'''
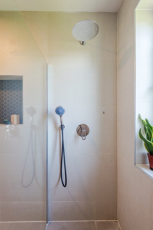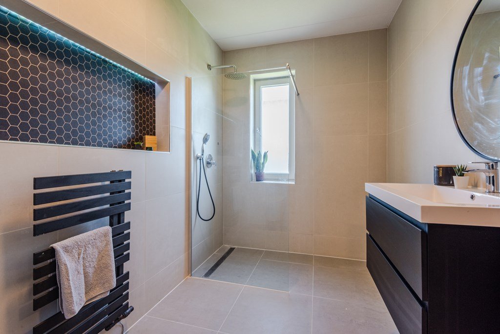 De badkamer is volledig betegeld en uitgerust met een inloopdouche, wastafelmeubel en hangend toilet. De verdieping is afgewerkt met een nette laminaatvloer.
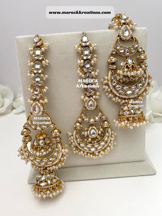 Premium Quality Kundan Oversized Statement Jhumki Earrings and tikka set
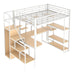 Full Size Metal Loft Bed With Storage Staircase And Small Wardrobe, Built - In Desk And Storage Shelves - White94.29"W x 56.5"D x 70.0"H - 220.0 lb
'''
§ Problem description: Pictures are to be left out; repeat all the remaining data exactly.

§ Finished task:
 De badkamer is volledig betegeld en uitgerust met een inloopdouche, wastafelmeubel en hangend toilet. De verdieping is afgewerkt met een nette laminaatvloer.
 Premium Quality Kundan Oversized Statement Jhumki Earrings and tikka set
 Full Size Metal Loft Bed With Storage Staircase And Small Wardrobe, Built - In Desk And Storage Shelves - White94.29"W x 56.5"D x 70.0"H - 220.0 lb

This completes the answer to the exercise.